Closed
Description
the following works quickly in 0.15.2 and has a performance issue on the last operation df.T.duplicated() in 0.16.0 and 0.16.1
also on a private data set that works on 0.15.2 i get an error on 0.16.0 and 0.16.1 on the same operation.
code:
import pandas,numpy
df = pandas.DataFrame({'A': [1 for x in range(1000)],
'B': [1 for x in range(1000)]})
print (numpy.count_nonzero(df.duplicated()))
print (numpy.count_nonzero(df.T.duplicated()))
df = pandas.DataFrame({'A': [1 for x in range(1000000)],
'B': [1 for x in range(1000000)]})
print (numpy.count_nonzero(df.duplicated()))
print (numpy.count_nonzero(df.T.duplicated()))
this is the error i get on the private data set (code not reproduce yet with synthetic data):
File "C:\Anaconda3\lib\site-packages\pandas\util\decorators.py", line 88, in wrapper
return func(*args, **kwargs)
File "C:\Anaconda3\lib\site-packages\pandas\core\frame.py", line 2867, in duplicated
labels, shape = map(list, zip( * map(f, vals)))

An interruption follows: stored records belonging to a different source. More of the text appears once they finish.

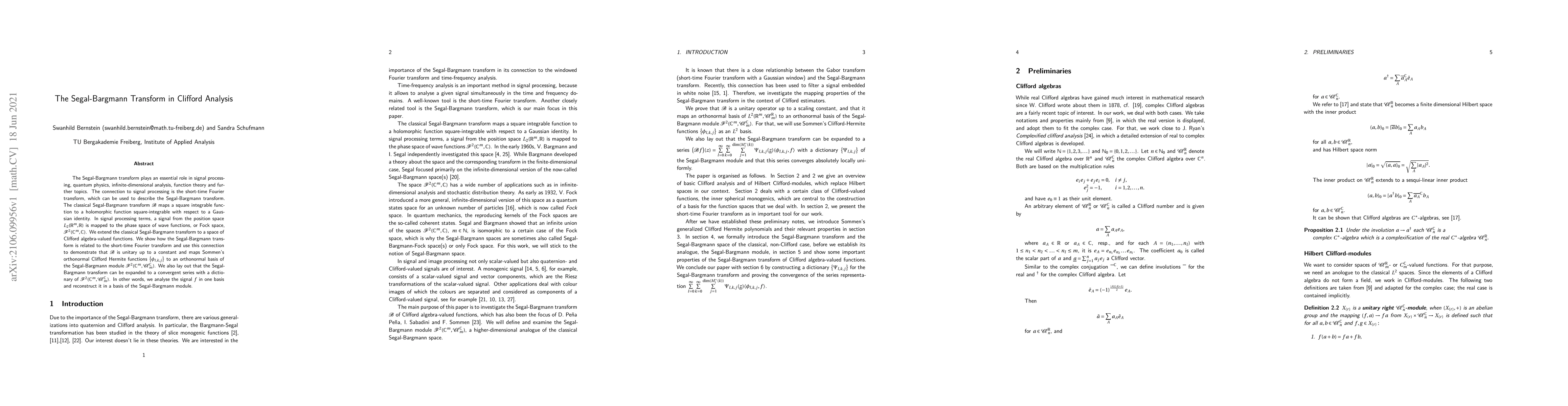 The research provided a novel mathematical framework for understanding the Segal-Bargmann transform and its connections to signal processing and Clifford analysis.
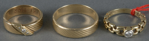 - Katalog-Nr: 1641Drei Damenringe. 14 kt Gold, besetzt mit Brillanten, ca. 0,25 ct, Gesamtgewicht ca. 16,6 g, Ringgröße 56 / 57 / 58. Die Begutachtungen der verarbeiteten Edelsteine und Diamanten wurden im gefassten Zustand vorgenommen, d.h. unter Vorbehalt einer sachgerechten Graduierung, die nur an ungefassten Steinen erfolgen kann. Dies hat zur Folge, dass die Gewichte (sog. "berechnete Gewichte", d.h. ca.+/- 10 % Abweichung) und Qualitäten (Farbe, Reinheit und Schliff) der Steine nur annähernd angegeben werden können.o.L.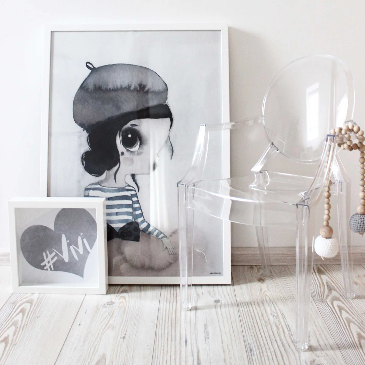 Zusätzlich zu den von Kartell angebotenen Farben kann der Louis Ghost Armlehnstuhl auf Wunsch mit verschiedenen Motiven auf der Rückenlehne angefertigt werden. Zur Auswahl stehen: Kindergesicht, chinesische Maske, Bärenkopf oder eine schwarze Maske - oder auf Wunsch auch ganz individuell mit eigenen Motiven. Für die Gestaltung mit eigenen Motiven ist eine Mindestbestellung von 10 Stühlen erforderlich.
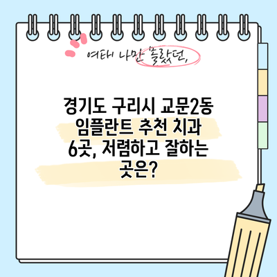 이제 구체적으로 경기도 구리시 교문2동에서 임플란트 치료를 잘하는 치과를 추천해드릴게요. 각 병원의 위치, 특징, 진료 과목과 후기 등을 상세히 설명드리겠습니다.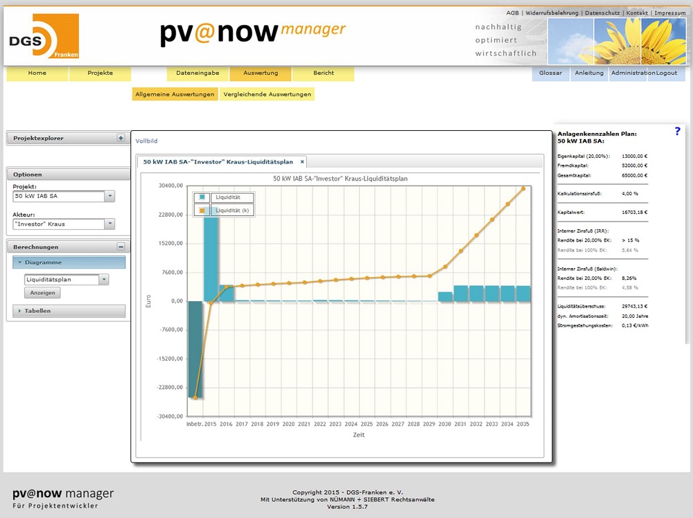 Innovativ und enorm vielfältig: pv@now rechnet neutral und unabhängig und ist die einzige Anwendung auf dem Markt, die Volleinspeisung, Eigenstromnutzung, Stromlieferung, PV-Miete, Direkvermarktung und vieles mehr rechnen kann. Zudem können Sie mit pv@now alle nur denkbaren Änderungen ihres PV-Projekts abbilden, von der Erweiterung durch Stromspeicher bis hin zum Wechsel des Betreibermodells. Der Clou: Auch steuerliche Aspekte werden in den Berechnungen berücksichtigt. Alle beteiligten Akteure wie Investor, Betreiber, Gebäudeeigentümer und Stromverbraucher werden separat dargestellt. Alle Planungsvarianten können miteinander verglichen, die Ergebnisse anschaulich in Graphen und Tabellen visualisiert werden.

File "C:\Anaconda3\lib\site-packages\pandas\core\frame.py", line 2856, in f
labels, shape = factorize(vals, size_hint=min(len(self), _SIZE_HINT_LIMIT))
File "C:\Anaconda3\lib\site-packages\pandas\core\algorithms.py", line 135, in factorize
labels = table.get_labels(vals, uniques, 0, na_sentinel)
File "pandas\hashtable.pyx", line 813, in pandas.hashtable.PyObjectHashTable.get_labels (pandas\hashtable.c:14025)
ValueError: Buffer has wrong number of dimensions (expected 1, got 2)